Torre poked at Sutton’s knowledge of city matters and research on topics. “Tracy, I thought you would know more about this,” he commented about the current status of Aspen’s construction.
“I’m done taking a Torre beating,” Sutton said. “I’m tired of seeing things not completed. That is why I ran. I thought this would be much more of a discussion then a debate.”
From name-calling such as “career politician” at Torre to digs at Sutton’s qualifications for the job and available time, the two didn’t find much to agree on or be particularly agreeable about.
“I’m ready for fresh thinkers not in a governmental rut,” Sutton said.
Sutton acknowledged her real estate and development interests and noted she represented many groups of people, specifically those who could not vote due to limited months of residency in Aspen as second-home owners. This was also an explanation of her campaign signs that mention the voice that cannot vote.
At one point Mayor Torre suggested that Sutton was actually endorsing him on the premises of what she wanted done and what he had already accomplished. Downtown construction was the Achilles heel of their panel. He thought he had made progress; she thought there were giant holes that can’t be reprimanded successfully.
In a topic that hasn’t been beaten to a pulp during the campaign — such as The Entrance to Aspen, construction woes, affordable housing — the candidates were asked about their impressions of the resort-town dilemma of too much popularity with visitors. What is an appropriate visitor number? Is there one?
They seemed to agree there isn’t one.
“It’s not a number. We need to use it to our advantage,” said Rose.
“Tourism is not a number,” echoed Guth. “We live and always have in a resort community and must leverage it.”
“We have shifted from marketing to resort management for a reason.
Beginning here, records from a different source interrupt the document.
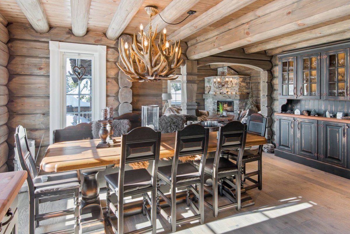40. Столовая в доме из бревна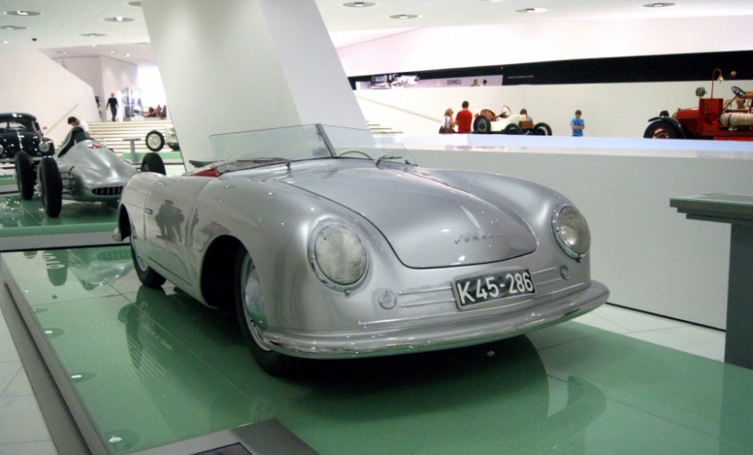 Первый Porsche был произведен в городе Gmünd, в Австрии . Это был двухместный родстер с центральным расположением двигателя. Четырех-цилиндровый боксер установлен перед задней осью и имел мощность 35 лошадиных сил. На нем были установлены коробка передач и некоторые компоненты подвески от Volkswagen, но была увеличена мощность двигателя на 10,5 л.с. Его кузов был сделан из алюминия и имелась поддерживающая пространственная рама .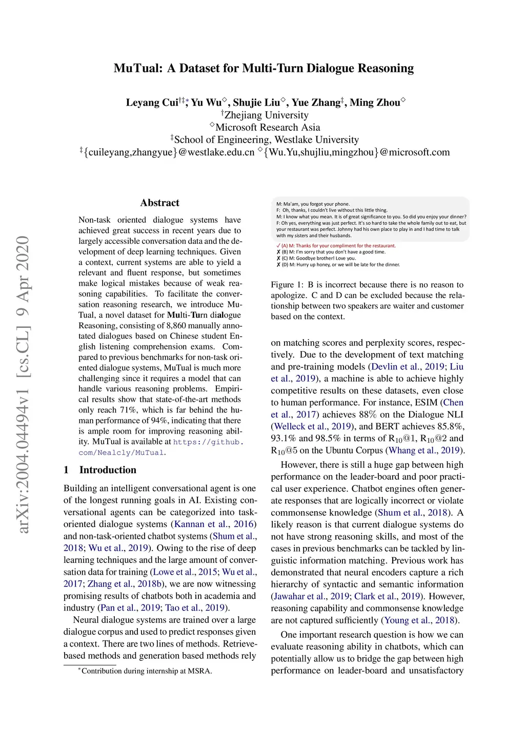 MuTual: A Dataset for Multi-Turn Dialogue Reasoning

We need to find balance,” said Mesirow.
“That’s a loaded question,” said Sutton. “The summer after COVID was not pleasant for anyone. We can’t quantify it with a number.”
Torre said, “We have all felt it. As Tracy said, It’s not about sheer numbers. That fluctuates. It’s about experience.”
The forum was hosted by the Aspen Chamber Resort Association, the Young Professionals Network of the Aspen Board of Realtors, and the Aspen Rotary Club.